What’s it like to be your own boss?

It’s a great learning experience! While you have a lot of freedom and can make big decisions, there’s a lot of responsibility you place on yourself to make the business succeed. It’s key to make sure that you surround yourself with loyal partners and employees who can help you as well as challenge you.

Where do you see your business in 5 years’ time?
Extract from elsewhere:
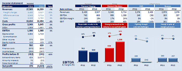 “2012 was a year of restructuring, transition, and difficult decisions for TTA. On the positive front, we have seen significant fundamental improvements for our largest business units, Thoresen Shipping and Mermaid. However, we face prolonged challenges at UMS and will make every effort to reopen its Samut Sakorn plant in the shortest possible time,” said M.L. Chandratat. “It was particularly gratifying to see Thoresen Shipping boost its fourth quarter EBIT by nearly 50% compared to the previous quarter. This came largely as a result of adding the Thor Insuvi to the fleet and chartering in the equivalent of 1.3 additional vessels during the quarter. This proves that Thoresen Shipping is ready to scale up even in an environment of depressed freight rates, something that will be of particular focus in our capital increase plan. “At the same time, Mermaid continues to make excellent progress forging close relationships with oil and gas majors in South East Asia, the Middle East, and beyond. The offshore oil and gas services business is clearly in a cyclical upturn, and Mermaid has found itself in situations where it has turned down work due to a lack of available assets. The tender rig segment is an area we see great potential in, and Mermaid’s board has asked for strategic options. TTA is ready to support Mermaid’s potential expansion plans.” Group Transport Group Transport contributed THB 775 million in losses during the year, primarily due to THB 909 million in one-time write-offs and impairment charges. Excluding these extraordinary items, Group Transport would have contributed THB 133 million in net profits, a formidable result given prolonged weakness in the global dry bulk industry. Two of these extraordinary items occurred during the first quarter while the third, a THB 501 million fixed asset impairment charge, was taken in the fourth quarter against a USD 16 million novation fee paid to acquire new build vessels from Vietnam Shipbuilding Industry Group (“Vinashin”) at the height of the dry bulk market. Thoresen Shipping’s normalised EBIT for the fiscal year jumped 886% to THB 118 million from a negative normalised EBIT of THB 15 million a year ago. Strategic moves, including fleet reconfiguration, relocation of the commercial hub to Singapore, a tighter focus on costs, and improved on-board maintenance initiatives, have all proven successful in delivering positive results despite a year of highly depressed global freight rates. Petrolift, Inc. (“Petrolift”)’s performance softened slightly during the year as revenues during the second half of the year were impacted by poor weather conditions, which delayed the dry-docking of two vessels. EBITDA both in absolute terms and margins, however, remained strong with Petrolift contributing a formidable 12% return on investment throughout the fiscal year. “The dry bulk industry was hit with 25-year low freight rates in 2012, a fact that makes Thoresen Shipping’s positive normalised contribution that much more impressive,” said Mr. David Ames, Executive Vice President, Group Transport. “On a full year basis, our owner expenses averaged about USD 3,952 per day, placing Thoresen Shipping in the top quartile of owner expenses worldwide. We were able to garner these results through a renewed focus on cost controls, evidenced by operating expenses dropping by 32% year-on-year. While the freight rate outlook for next year remains largely flat, there is little doubt that Thoresen Shipping will be able to ride out the downturn and be set to capitalise on a cyclical upturn which we expect to begin taking shape in 2014.” Group Energy Driven largely by a turnaround at Mermaid, Group Energy contributed THB 24 million in profits, compared to losses of THB 110 million in 2011. The improvement was largely driven by a turnaround at Mermaid, which has both streamlined its operations and increased its market penetration in time to begin capitalising on an industry upturn in the oil and gas industry. Mermaid’s total revenues rose 3% to THB 5,714 million, but the Company’s margins improved significantly, with gross profit rising 19% to THB 1,944 million and EBIT climbing 138% to THB 603 million. The improvements came on the back of aggressive vessel and project cost management, the employment of Mermaid’s MTR-1 accommodation barge after being off-hire for a year, and higher full-service contract rates for the subsea division. Mermaid has been working towards a subsea fleet optimisation strategy to focus on higher vessel yields and increased market penetration in high growth areas, such as the Middle East and Africa. This push materialised in several significant deals, particularly in the Middle East throughout the year and in the early part of fiscal year 2013. TTA’s plan to directly invest in its Philippines coal venture by converting debt into equity has not yet been approved by local regulators, pending legal motions raised by other companies about foreign share ownership restrictions for Philippine companies engaged in mining. Because the debt to equity conversion has not taken place, the financial position of SKI Energy Resources Inc. (“SERI”) has weakened, and the venture is not able to produce sufficient coal to reach break-even cash flows. In line with its policy for conservative accounting and reporting, TTA has taken a THB 908 million doubtful debts provision while it explores options to restructure SERI, including evaluating alternate debt to equity scenarios or finding other partners to capitalise the business properly. “We are very pleased to see Mermaid make the turnaround it has, a momentum that has been further buoyed by additional significant deals early in fiscal year 2013, most notably with Saudi Aramco, the largest oil and gas company in the world. That deal, signed with a Mermaid JV for USD 530 million over five years, will give Mermaid a share of 60%-70% of the contract amount,” said M.L.
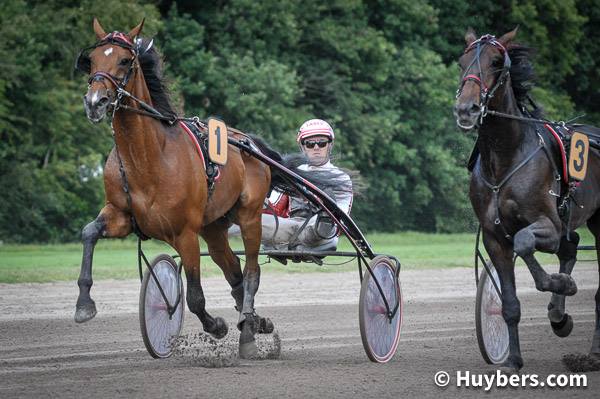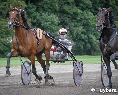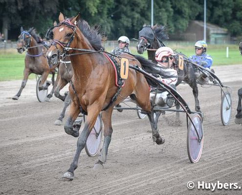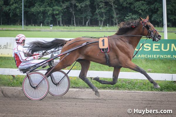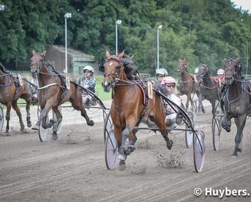 Hambo Transs R wint de Derbyselectie II in 1.18.5 over 2.000 meter met Robin Bakker.

With Virtuo we want to radically transform mass market extra-urban transportation. We are building a new way for city dwellers to experience cars for extra-urban trips. We will bring the consumer closer to the latest innovations, increasing their adoption of urban mobility vehicles including electric and autonomous cars.

Above all, we have the ambition to build a strong European business which means being present at most major city centres, airports, train stations and other popular transportation hubs. We are also looking at the US and we have the ambition to be there as well in the next five years.

What advice would you give to aspiring entrepreneurs?

For me there are two key bits of advice for young entrepreneurs:

- Don’t be afraid to try things

It is so important from a young age to give things a go, test ideas and see what sticks. I think it is the very best way of learning as long as you fail quickly and always look back at the lessons you learned. There is no harm in testing a MVP (minimum viable product) and going from there.

- Be patient and build your skills

As much as I would encourage any entrepreneurs to try things, I would also encourage a focus on knowledge and skill-set building. The business world moves at an incredible pace and if your idea takes off, you need to have the confidence, knowledge, experience and skills needed to manage it.